Your assignment:
Excluding pictures, what does the listing below contain from the line with "RUPIT (BARCELONA). 1" up to and including the line with "Penahitam.com // Depok", word for word?

Stored data:
┄┄┄┄┄┄┄┄┄┄

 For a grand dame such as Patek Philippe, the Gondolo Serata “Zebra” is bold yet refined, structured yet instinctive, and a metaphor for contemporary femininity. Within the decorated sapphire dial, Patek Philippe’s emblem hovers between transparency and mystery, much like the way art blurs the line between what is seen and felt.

┄┄┄┄┄┄┄┄┄┄

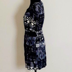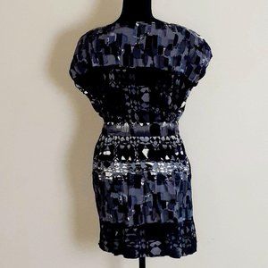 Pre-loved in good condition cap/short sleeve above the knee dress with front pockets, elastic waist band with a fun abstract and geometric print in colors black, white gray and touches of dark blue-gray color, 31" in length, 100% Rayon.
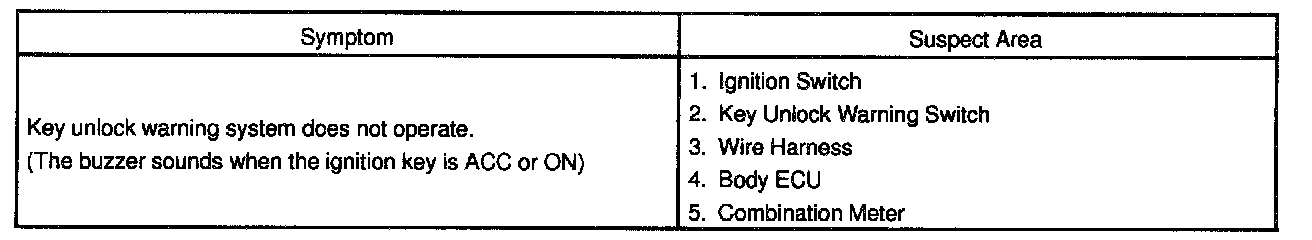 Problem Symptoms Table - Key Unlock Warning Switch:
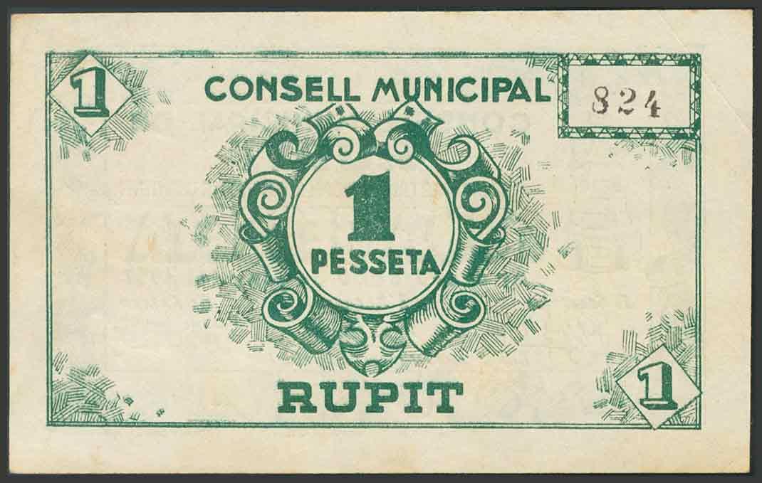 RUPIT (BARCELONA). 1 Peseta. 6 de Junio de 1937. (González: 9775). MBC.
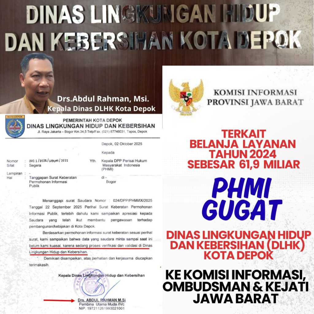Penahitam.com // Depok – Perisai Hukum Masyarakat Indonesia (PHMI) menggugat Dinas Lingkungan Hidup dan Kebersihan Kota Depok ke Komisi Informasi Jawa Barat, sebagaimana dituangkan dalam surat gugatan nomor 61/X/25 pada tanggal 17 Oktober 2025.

┄┄┄┄┄┄┄┄┄┄

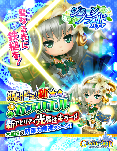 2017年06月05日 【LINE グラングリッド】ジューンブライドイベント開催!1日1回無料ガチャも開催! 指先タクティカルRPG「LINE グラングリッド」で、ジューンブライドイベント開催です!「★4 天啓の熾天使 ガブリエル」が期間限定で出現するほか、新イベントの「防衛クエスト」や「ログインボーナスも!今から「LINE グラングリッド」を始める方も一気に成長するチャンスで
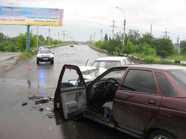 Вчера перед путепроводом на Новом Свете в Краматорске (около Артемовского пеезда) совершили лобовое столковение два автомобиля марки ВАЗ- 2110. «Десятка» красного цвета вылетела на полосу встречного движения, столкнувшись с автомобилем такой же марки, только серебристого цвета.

┄┄┄┄┄┄┄┄┄┄

Response to the task:
 RUPIT (BARCELONA). 1 Peseta. 6 de Junio de 1937. (González: 9775). MBC.
Penahitam.com // Depok – Perisai Hukum Masyarakat Indonesia (PHMI) menggugat Dinas Lingkungan Hidup dan Kebersihan Kota Depok ke Komisi Informasi Jawa Barat, sebagaimana dituangkan dalam surat gugatan nomor 61/X/25 pada tanggal 17 Oktober 2025.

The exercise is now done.